Demurring Defendants demur to the Fifth, Seventh and
Eighth Causes of Action of the SAC. PHOOD FARMACY 2, LLC; THE NEXT IDEA
CONSULTING, LLC; THELMA ANCILL; and ROBERT ANCILL (“Opposing Plaintiffs”) advocate
overruling or leave to amend.
LEGAL STANDARD
Demurrers are to be sustained where a pleading fails
to plead adequately any essential element of the cause of action. Cantu v.
Resolution Trust Corp. (1992) 4 Cal.App.4th 857, 879-880. “Because a
demurrer challenges defects on the face of the complaint, it can only refer to
matters outside the pleading that are subject to judicial notice.” Arce ex
rel. Arce v. Kaiser Found. Health Plan, Inc. (2010) 181 Cal.App.4th 471,
556. In
ruling upon demurrers, courts treat as being true “not only the complaint's
material factual allegations, but also facts that may be implied or inferred
from those expressly alleged.” Poseidon Development, Inc. v. Woodland Lane
Estates, LLC (2007) 152 Cal.App.4th 1106, 1111-1112.
ANALYSIS
1. Fifth
Cause of Action- Intentional Misrepresentation
Demurring Defendants contend that, after the Court
sustained the demurrer as to the same claims of the FAC, Plaintiffs’ Cause of Action
for Intentional Misrepresentation still lacks particular descriptions of
misrepresentations and financial statements allegedly made by Demurring
Defendants.
With regard to fraud claims, pleadings must allege
facts as to “‘how, when, where, to whom, and by what means the representations
were tendered.’" Stansfield v. Starkey (1990) 220 Cal.App.3d 59,
73. As to the degree of particularity required to allege fraud,
“‘considerations of practicality enter in.’” Miles v.
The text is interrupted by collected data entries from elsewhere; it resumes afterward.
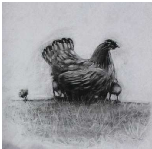
Shielded Peckers- by Jimmy Kitheka 61x61cm 400 usd
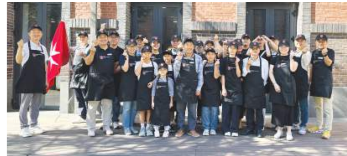
Left to right: Lourdes Pilgrimage with 12 OMK pilgrims including three junior volunteers pictured. OMK Monthly Mass on every second Sunday where family, friends and aspirants are also invited. OMK's pilot project to support migrant workers and refugees at Myungdong Cathedral. OMK's Pilgrimage and Spiritual Retreat trip to Gamgok Maegoe Virgin Mary Catholic Cathedral.
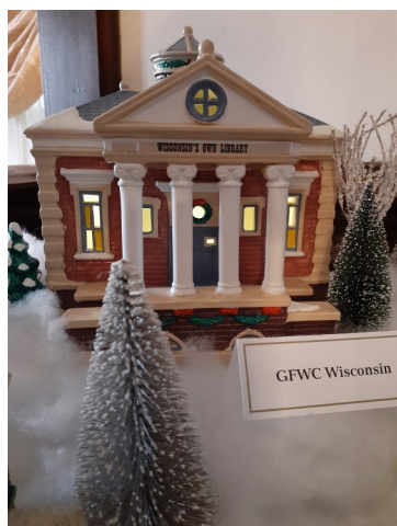
Wisconsin's Own Library

Every room was aglow with holiday decorations, smiling faces and cheerful conversation. It was a wonderful experience.
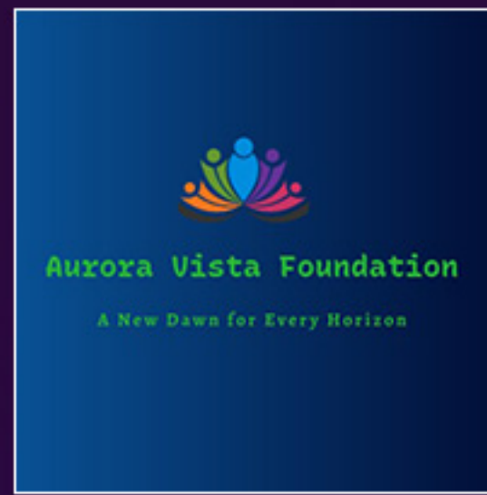
Aurora Vista Foundation Pleasanton CA USA
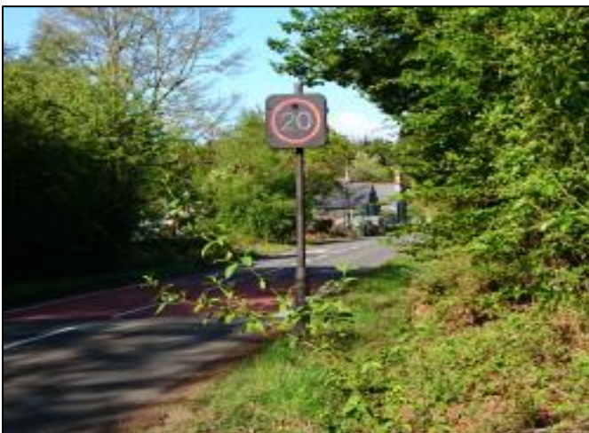
From Yorkley just before Parkend School
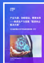
Deepening the Reform of State-Owned Assets and Enterprises to Promote High-Quality Development series

Deutsche Bank Nat’l
Trust Co. (2015) 236 Cal.App.4th 394, 403. A cause of action for promissory
fraud must include specific factual circumstances from which a contemporaneous
intent not to perform can be inferred. Hills Transportation Co. v. Southwest
Forest Ind., Inc. (1968) 266 Cal.App.2d 702, 707.
Here, the amendments contained in the SAC suffice to
allege that the Demurring Defendants had made the 6/30/20 lease without intent
to perform promises about creating space suitable for restaurant operation.
E.g., SAC, ¶¶ 75, 96-101.
Beyond the contract, the SAC alleges specific details
of other promises, as to how, when, where, to whom, and by what means,
representations were tendered. E.g., SAC, ¶¶ 75 (promises were the contract and
oral), 76 (identities), 82 (representations of named parties’ about intent to
remedy issues), 83 (8/1/22 representation by Defendant MARTIN MUOTO about cost
of construction), 84-85 (8/31/22 representation by Defendant GRAY LUSK to
Plaintiff ROBERT ANCILL via a schedule of costs), 86-88 (details of invoice
representations),
While arguably some of the representations are lacking
in detail, the procedural rule applies that a demurrer does not lie as to only
part of a claim. E.g., Poizner v. Fremont General Corp. (2007) 148
Cal.App.4th 97, 119 (“A demurrer must dispose of an entire cause of action to
be sustained.”).
Therefore, the Court overrules the demurrer as to the
misrepresentation claim.
2. Seventh
and Eighth Causes of Action - Intentional and Negligent Interference with
Prospective Economic Advantage
Demurring Defendants contend that the SAC still does not
allege an independently wrongful act and an actual disruption of any
relationship. In response, Opposing Plaintiffs argue that, beyond just the lessors’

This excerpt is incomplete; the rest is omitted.